BEIJING — Officials in Shanghai are investigating reports that a Chinese pharmaceutical company may have sold more than 12,000 units of a blood plasma product contaminated with H.I.V., potentially the latest in a series of scandals that have threatened to undermine public trust in China’s medical institutions and health care system.
In a statement on its website, the Shanghai Food and Drug Administration said Wednesday night that authorities had ordered the company, Shanghai Xinxing Medicine Company, to begin an emergency recall of the potentially tainted batch of intravenous immunoglobulin, a treatment made from pooled blood plasma that is often used to treat immune disorders, and halt its production.
China’s National Health Commission and the State Drug Administration have asked all medical institutions across the country to stop using the units in question and monitor patients who have already been administered the treatment, according to state news media. Officials did not say how many patients had been treated with the blood product.
“In the spirit of being highly responsible to the people, the local authorities are responsible for conducting follow-up observations of relevant patients and cooperating with the State Drug Administration,” said a report published Wednesday by Xinhua, China’s official news agency.
The presence of H.I.V. antibodies in the treatment was first detected by the Jiangxi Provincial Center for Disease Control and Prevention, in southeast China. A representative of the province’s health commission told The Beijing News on Wednesday morning that, so far, no patients had been found to have been infected with H.I.V. as a result of the treatment.
Founded in 2000, Shanghai Xinxing is a subsidiary of China Meheco Group Co., Ltd., a pharmaceutical company based in Beijing whose controlling shareholder is China General Technology Group, a state-owned enterprise directly administered by the central government.
Just last month, China’s State Drug Administration revised the health warnings on human immunoglobulin products to note that although plasma treatments are screened for pathogens, they nonetheless derive from human blood and therefore may still pose a minor risk of infection to patients.

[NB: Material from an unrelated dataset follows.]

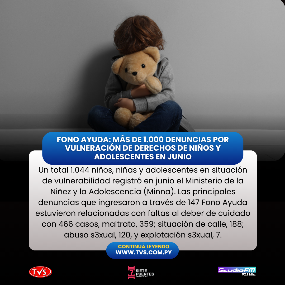 En junio de 2025, el Ministerio de la Niñez y la Adolescencia (Minna) registró un total de 1.044 casos de niños, niñas y adolescentes en situación de vulnerabilidad a través de la línea 147 Fono Ayuda. Las denuncias más frecuentes incluyeron faltas al deber de cuidado (466 casos), maltrato (359), situación de calle (188), abuso sexual (120) y explotación sexual (7).

The investigation into Shanghai Xinxing comes at a delicate time for the ruling Communist Party, which is already seeking to minimize the destabilizing effects of a nationwide economic slowdown. It also represents a setback to President Xi Jinping’s efforts to restore confidence in China’s pharmaceutical industry at a time when the country is pushing to play a bigger role in the global drug industry.
Last month, hundreds of angry parents protested against local government officials in a town in eastern China when it was revealed that more than 100 children had received expired polio vaccines. Months earlier, hundreds of thousands of children across China were reportedly injected with faulty vaccines for diphtheria, tetanus and whooping cough. After protests by parents, the government imposed a record fine of $1.3 billion on the vaccine maker, Changchun Changsheng Biotechnology Company.
But despite years of similar food and medicine scandals, relatively few people have been charged with crimes, fueling frustrations among the public and criticism that the government has not done enough to clean up the industry and enforce regulations.
Late on Wednesday night, the National Medical Products Administration released a statement declaring that although the investigation was still ongoing, preliminary results showed that the blood products in question had tested negative for H.I.V. and the hepatitis B and hepatitis C viruses.
Though the reports about the potentially tainted treatment emerged during the annual Lunar New Year celebrations, when large swaths of the country typically grind to a halt, the news did not go unnoticed.
“The cleanup is always fast, pretty soon they’ll say injecting this product is good for your health,” Cui Yongyuan, a Chinese television host and producer, wrote on the microblogging site Sina Weibo, commenting on a report about the investigation’s preliminary results.
“Tainted milk powder, no problem. Tainted vaccines, no problem. Tainted inoculations, no problem,” he added. “In short, if a few people die, no problem.”